“Detachment means letting go and nonattachment means simply letting be.” — Stephen Levine
Letting go of thoughts or letting them “float by” is a useful skill for life.
Some thoughts aren’t worth dwelling on, and some thoughts do more harm when you hold on to them.
Practicing non-attachment can help you quiet your mind.
Non-attachment can also help you respond vs. react. You can use non-attachment to help you create a gap between the stimulus and your response.
In the book … And I Breathed: My Journey from a Life of Matter to a Life That Matters, Jason Garner shares a technique he uses to practice non-attachment and master meditation.

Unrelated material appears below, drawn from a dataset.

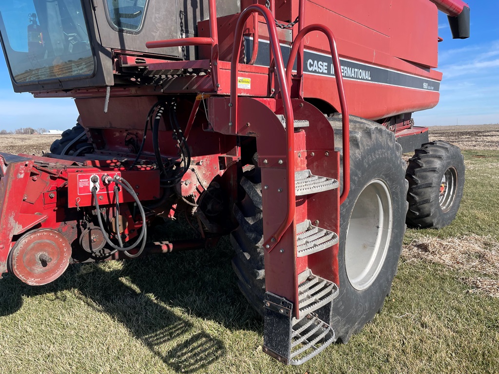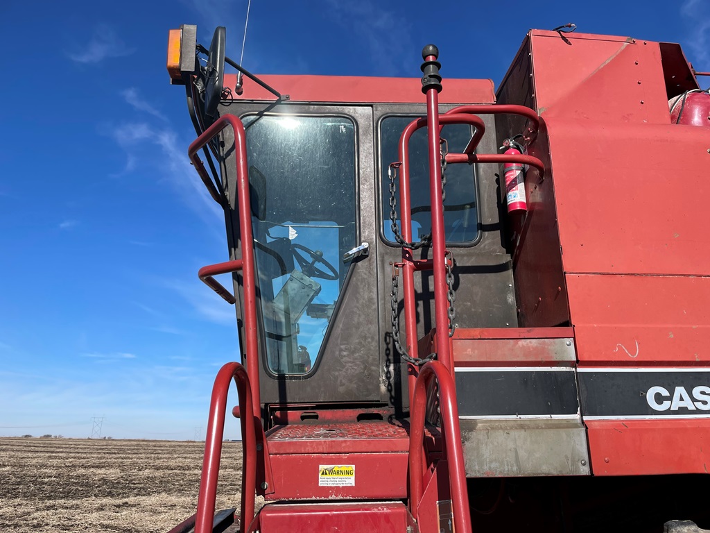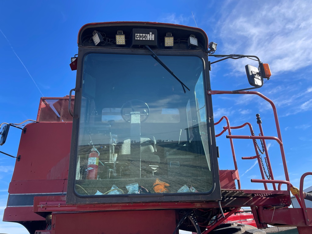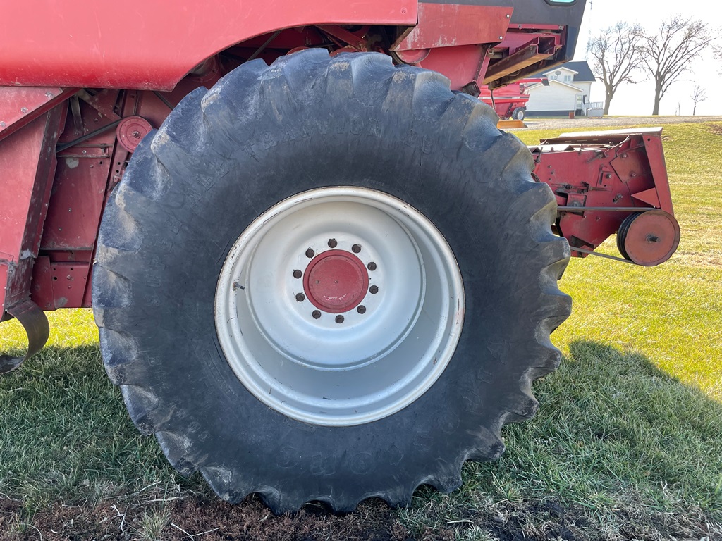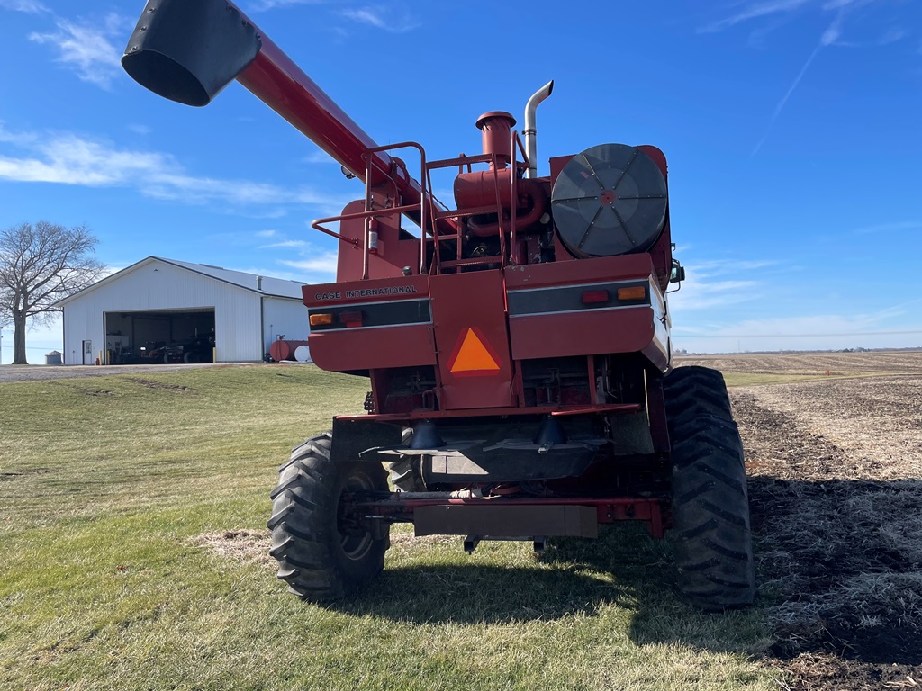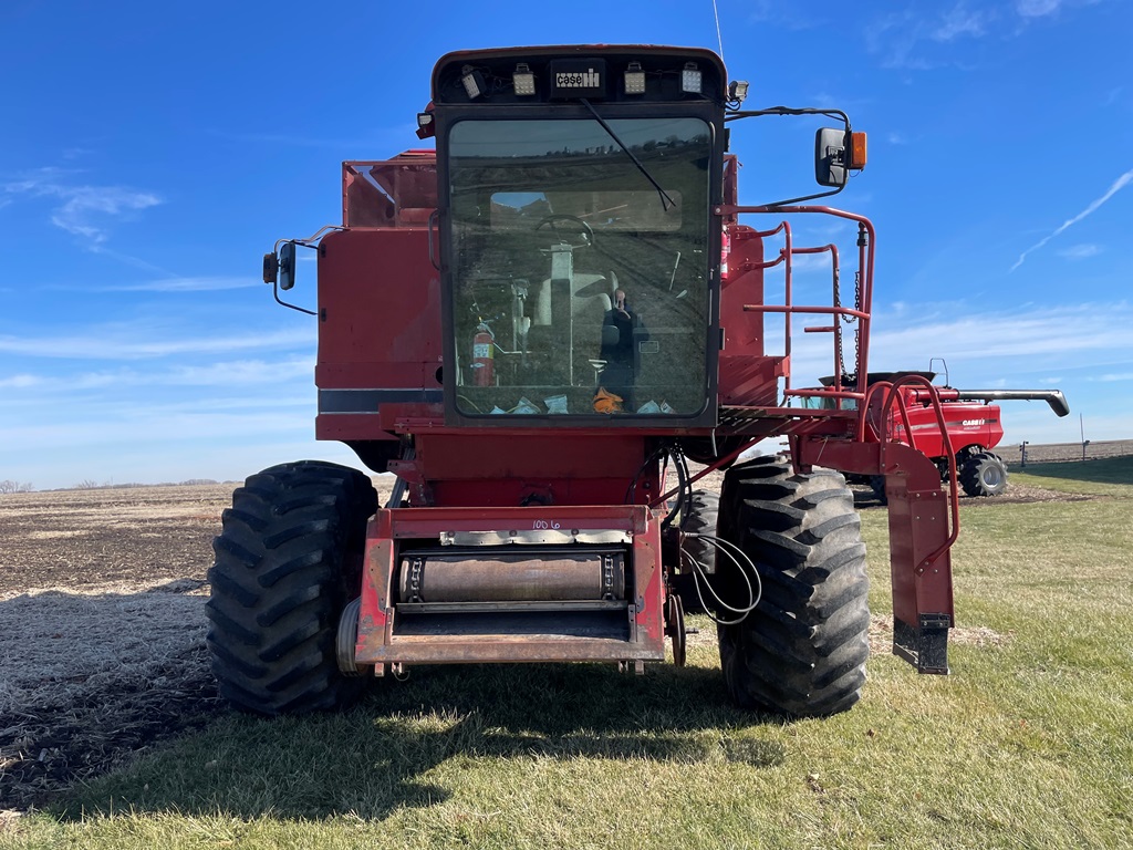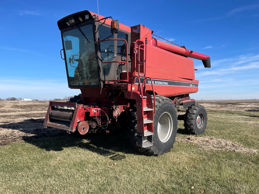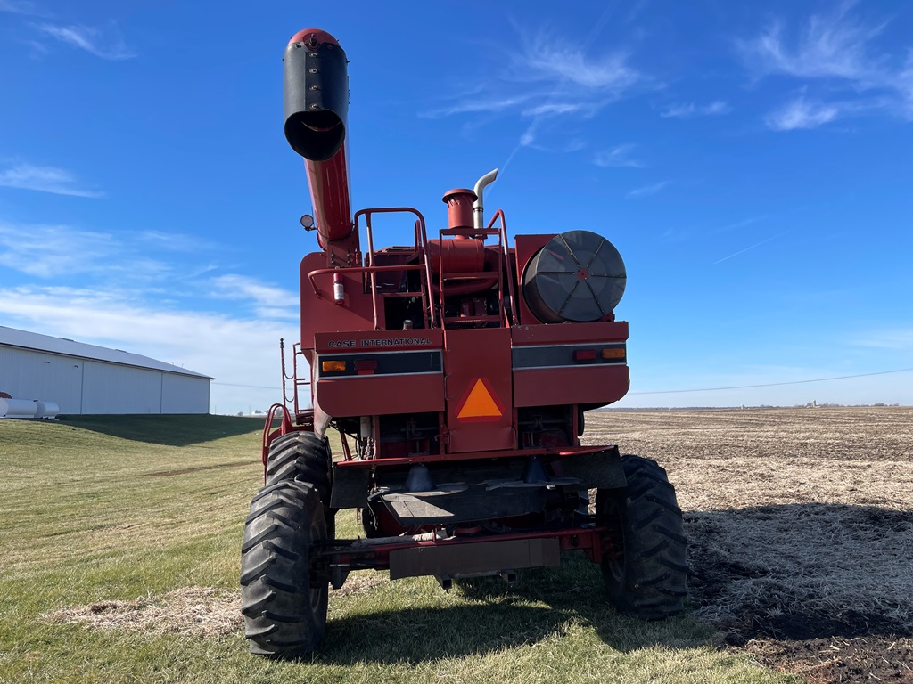1990 CaseIH 1680 Axial-Flow 4WD Combine (GP2322), Cummins 6TA-830 - 6 cylinder diesel engine, hydrostatic transmission, 3 forward speeds, 3 reverse speeds, heat, ICE COLD air conditioning, Am/Fm radio, chopper, auto/manual reel speed, auto/manual header height, power guide wheel, Firestone 30.5L-32 front tires, Firestone 18.4-26 rear tires, 2388 ladder, approx. 5,700 engine hours.

A Fork in the River of Non-Attachment
Imagine a free-flowing river, where your thoughts float by.
Notice your thoughts, but don’t react to them.
“To help myself, I developed an image with which I would start my meditation.
I would close my eyes, envision a wise-looking Chinese man, like Confucius, sitting on the bank in between a fork in the river, with the river running on either side of him.
Instead of water, the river was made up of thoughts.
This wise Chinese man (my mind) simply looked at each thought as it floated by and said gently ‘hmm.’
A thought floated by … ‘hmmm’ … another … ‘hmm.’ Never engaging or resisting.
Calmly observing the presence and letting it pass by with a simple ‘hmmm.’”
A Visual Representation of Non-Attachment and Surrender
It might sound silly, but sometimes silly works. What’s important is finding what works for you.
“As silly as it sounds, this imagery worked for me.
It was a visual representation of non-attachment and surrender I could clearly understand.
After a few moments of doing this, I would settle into a peaceful state and enjoy a magnificent meditation.
Over time those moments went from seconds to a minute, and, with more practice, to more and more minutes.”
Let Your Thoughts Float on By
Don’t hold on to your negative thoughts. Let them float on by.
“What I asked Guru Singh how to deal with a thought I didn’t like, he would say: ‘
What do you do when you see a billboard you don’t like? Do you take a picture and carry it around with you?
You see it and then you drive on by.’”
Sometimes the right metaphor or imagery can be just what you need for your own, personal breakthrough.
Enjoy your river of thoughts, and enjoy a new level of non-attachment.